Dr. Obolonsky’s fields of professional interest cover comparative civil service  and the theory of bureaucracy as a part of political theory and history of state, comparative political analysis, psychological aspects of inter-ethnic and inter-cultural conflicts, and other historical and cultural issues. In recent years, he has focused on the problems of: a) world-wide crisis of bureaucratic governance and alternatives to it; b) the geopolitical view as a wrong and dangerous form of consciousness; c) moral aspects of public policy and politics both in comparative and domestic respects; and d) political street protests.

Primary publications in English include the monograph “The Drama of  Russian Political History: System Against Individuality”, Texas A&M University Press, 2003; the chapters in collective monographs:  “Russian Bureaucracy and the State: Officialdom from Alexander III to Putin,” Palgrave Macmillan, 2009; “Russian Politics in the Time of Troubles: Some Basic Antinomies,” in Russia in Search of Its Future, Cambridge University Press, 1995; “Why It Is So Difficult to Reform Russian Officialdom; The Fate of Russian Officialdom: Fundamental Reform or Technical Improvements?” and selected papers from the 17th NISPAcee Annual Conference, May 14–16, 2009, Budva, Montenegro, 2010.

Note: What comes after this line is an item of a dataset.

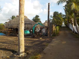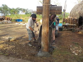 Seuils d'entrées en galets et pierres plates pour les chambres, début de la dalle de sol pour le local technique et mise en place du deuxième poteau du porche de l'entrée du parking...

  His main texts in Russian include “The Crisis of Bureaucratic State, 2011; “Public Service ( the complex approach)”, the textbook, 2009; “Morality and Law in Politics and Governance”, 2006; Bureaucracy for the 21st Century? The Patterns of  Public Service: Russia, USA, England, Australia, 2002; “The  Bureaucracy and State” – 1996; “The Drama of Russian Political History: System Against Individuality” – 1994; “The Individual and Public Administration”,1987; “Deadlocks of Geopolitical Immorality and Searches of New State Paradigm”, 2009; “Political Distrust as a Factor of Development.”